Dataset entries:
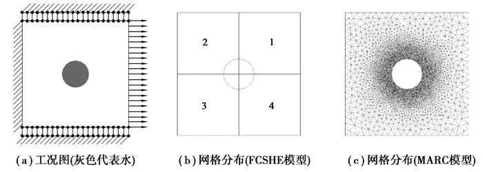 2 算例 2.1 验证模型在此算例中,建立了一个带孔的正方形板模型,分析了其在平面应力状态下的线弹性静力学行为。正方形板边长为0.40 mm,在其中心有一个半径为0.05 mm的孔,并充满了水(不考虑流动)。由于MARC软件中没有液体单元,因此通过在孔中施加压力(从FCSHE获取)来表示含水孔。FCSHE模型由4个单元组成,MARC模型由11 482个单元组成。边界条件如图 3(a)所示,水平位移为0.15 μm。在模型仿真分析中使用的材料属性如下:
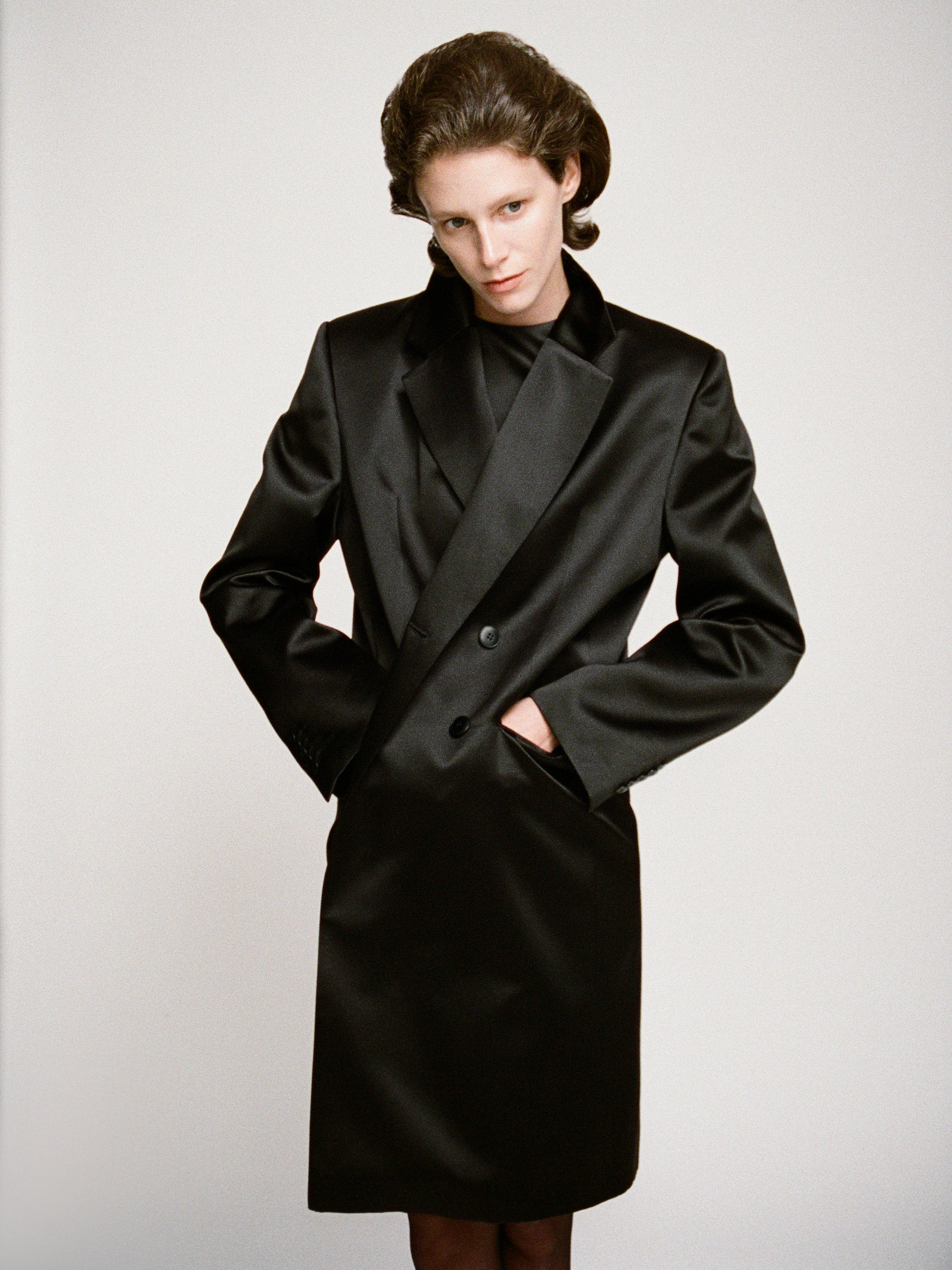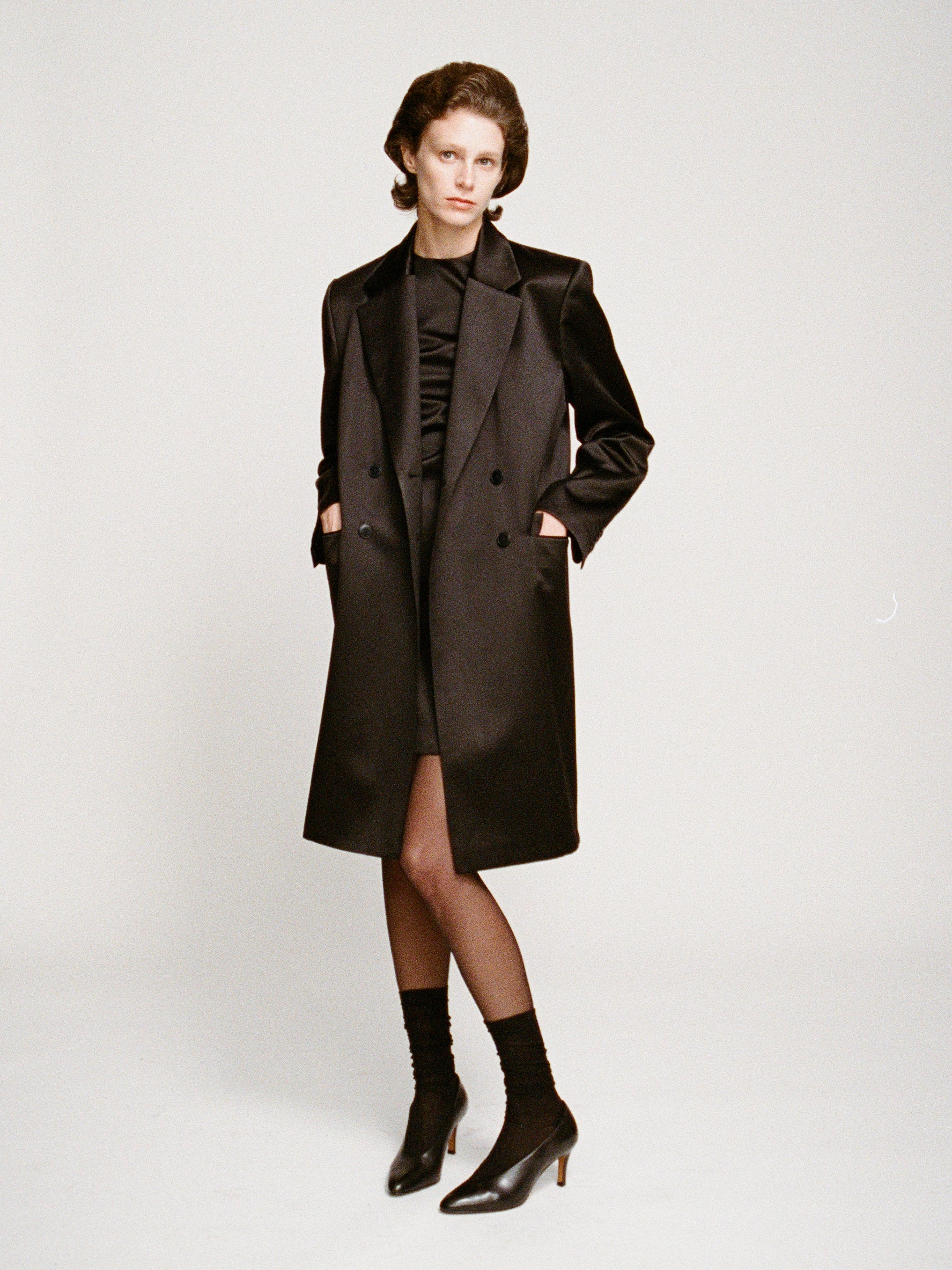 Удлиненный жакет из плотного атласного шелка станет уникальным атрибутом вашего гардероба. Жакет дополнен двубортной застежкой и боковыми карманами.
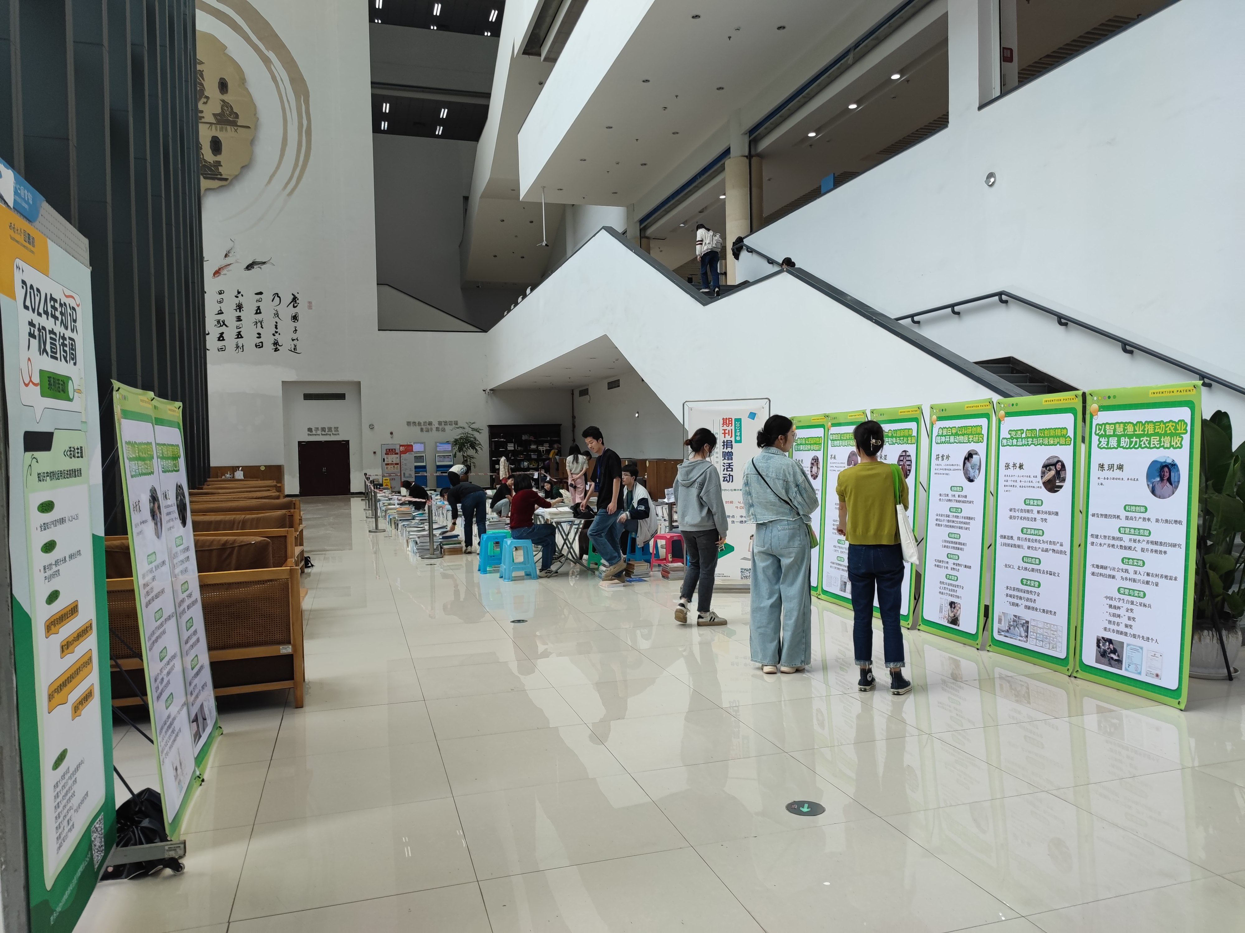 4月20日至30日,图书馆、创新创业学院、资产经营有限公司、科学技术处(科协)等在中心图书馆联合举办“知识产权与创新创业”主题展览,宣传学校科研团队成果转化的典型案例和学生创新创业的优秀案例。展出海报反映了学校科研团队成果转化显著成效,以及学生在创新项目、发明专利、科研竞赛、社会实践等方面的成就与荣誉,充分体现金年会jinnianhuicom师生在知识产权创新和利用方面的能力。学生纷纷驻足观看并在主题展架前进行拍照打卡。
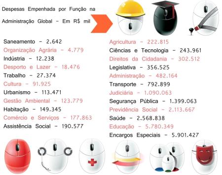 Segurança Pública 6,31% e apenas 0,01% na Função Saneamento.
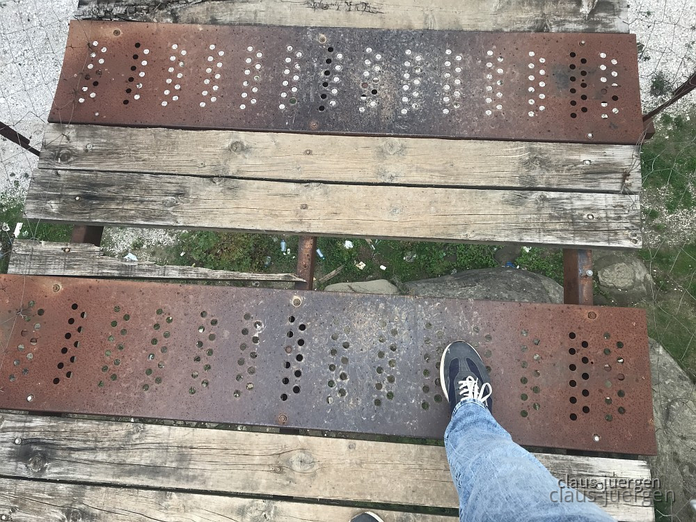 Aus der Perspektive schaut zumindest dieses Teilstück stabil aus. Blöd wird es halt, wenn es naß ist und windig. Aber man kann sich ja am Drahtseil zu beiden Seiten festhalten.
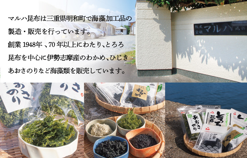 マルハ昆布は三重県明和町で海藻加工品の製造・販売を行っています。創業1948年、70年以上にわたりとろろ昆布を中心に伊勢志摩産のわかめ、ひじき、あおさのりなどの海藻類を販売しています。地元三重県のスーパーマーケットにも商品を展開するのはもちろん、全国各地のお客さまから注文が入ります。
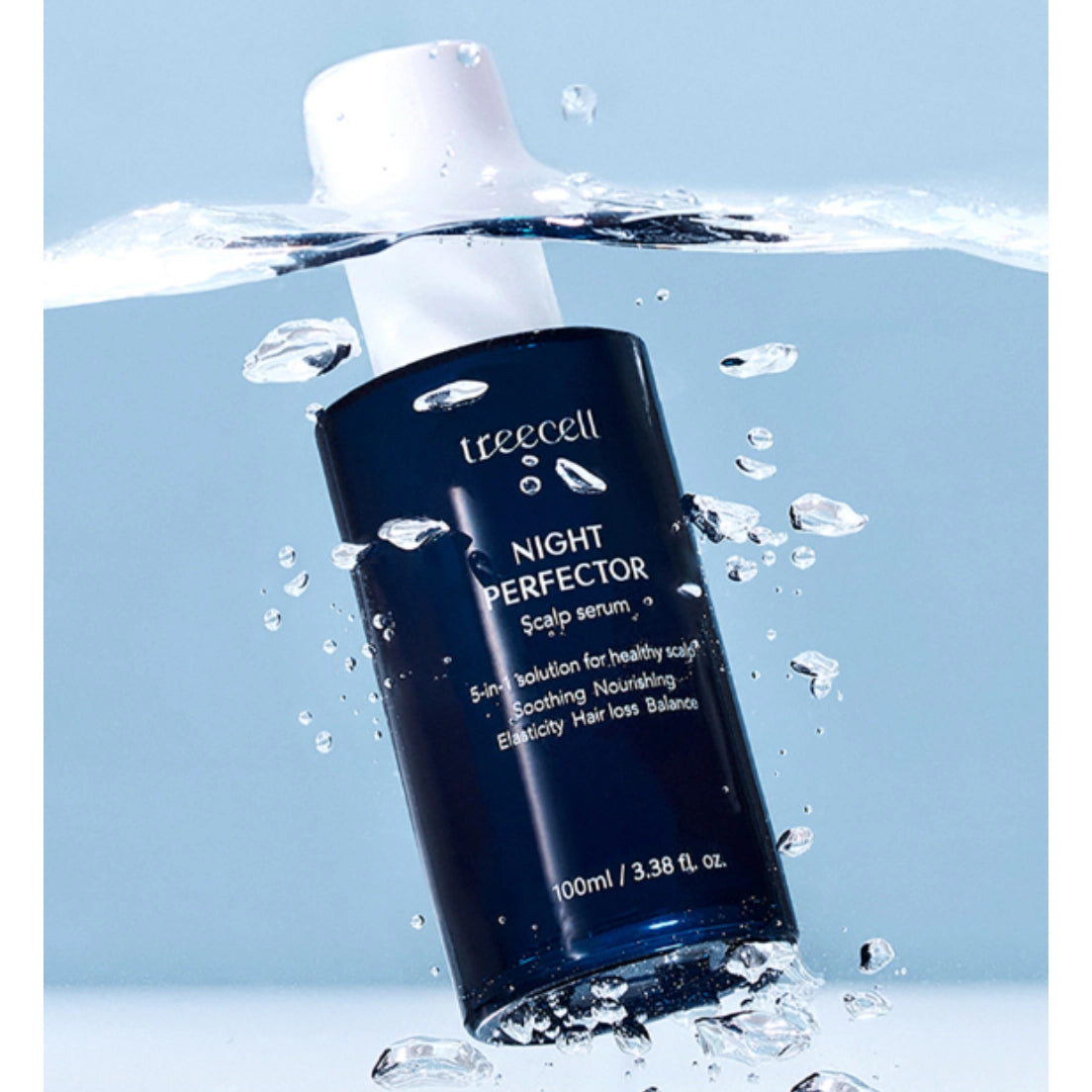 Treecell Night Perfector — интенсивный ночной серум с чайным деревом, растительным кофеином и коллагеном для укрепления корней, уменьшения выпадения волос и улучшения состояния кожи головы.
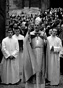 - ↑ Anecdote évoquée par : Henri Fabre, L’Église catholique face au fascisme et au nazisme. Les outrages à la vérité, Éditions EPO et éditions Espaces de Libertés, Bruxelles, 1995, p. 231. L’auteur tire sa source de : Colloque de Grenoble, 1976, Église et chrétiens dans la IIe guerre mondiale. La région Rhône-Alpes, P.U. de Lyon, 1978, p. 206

**REQUIRED WORK:**
Copy all of the records verbatim, omitting the pictures.

**REPLY:**
 2 算例 2.1 验证模型在此算例中,建立了一个带孔的正方形板模型,分析了其在平面应力状态下的线弹性静力学行为。正方形板边长为0.40 mm,在其中心有一个半径为0.05 mm的孔,并充满了水(不考虑流动)。由于MARC软件中没有液体单元,因此通过在孔中施加压力(从FCSHE获取)来表示含水孔。FCSHE模型由4个单元组成,MARC模型由11 482个单元组成。边界条件如图 3(a)所示,水平位移为0.15 μm。在模型仿真分析中使用的材料属性如下:
 Удлиненный жакет из плотного атласного шелка станет уникальным атрибутом вашего гардероба. Жакет дополнен двубортной застежкой и боковыми карманами.
 4月20日至30日,图书馆、创新创业学院、资产经营有限公司、科学技术处(科协)等在中心图书馆联合举办“知识产权与创新创业”主题展览,宣传学校科研团队成果转化的典型案例和学生创新创业的优秀案例。展出海报反映了学校科研团队成果转化显著成效,以及学生在创新项目、发明专利、科研竞赛、社会实践等方面的成就与荣誉,充分体现金年会jinnianhuicom师生在知识产权创新和利用方面的能力。学生纷纷驻足观看并在主题展架前进行拍照打卡。
 Segurança Pública 6,31% e apenas 0,01% na Função Saneamento.
 Aus der Perspektive schaut zumindest dieses Teilstück stabil aus. Blöd wird es halt, wenn es naß ist und windig. Aber man kann sich ja am Drahtseil zu beiden Seiten festhalten.
 マルハ昆布は三重県明和町で海藻加工品の製造・販売を行っています。創業1948年、70年以上にわたりとろろ昆布を中心に伊勢志摩産のわかめ、ひじき、あおさのりなどの海藻類を販売しています。地元三重県のスーパーマーケットにも商品を展開するのはもちろん、全国各地のお客さまから注文が入ります。
 Treecell Night Perfector — интенсивный ночной серум с чайным деревом, растительным кофеином и коллагеном для укрепления корней, уменьшения выпадения волос и улучшения состояния кожи головы.
 - ↑ Anecdote évoquée par : Henri Fabre, L’Église catholique face au fascisme et au nazisme. Les outrages à la vérité, Éditions EPO et éditions Espaces de Libertés, Bruxelles, 1995, p. 231. L’auteur tire sa source de : Colloque de Grenoble, 1976, Église et chrétiens dans la IIe guerre mondiale. La région Rhône-Alpes, P.U. de Lyon, 1978, p. 206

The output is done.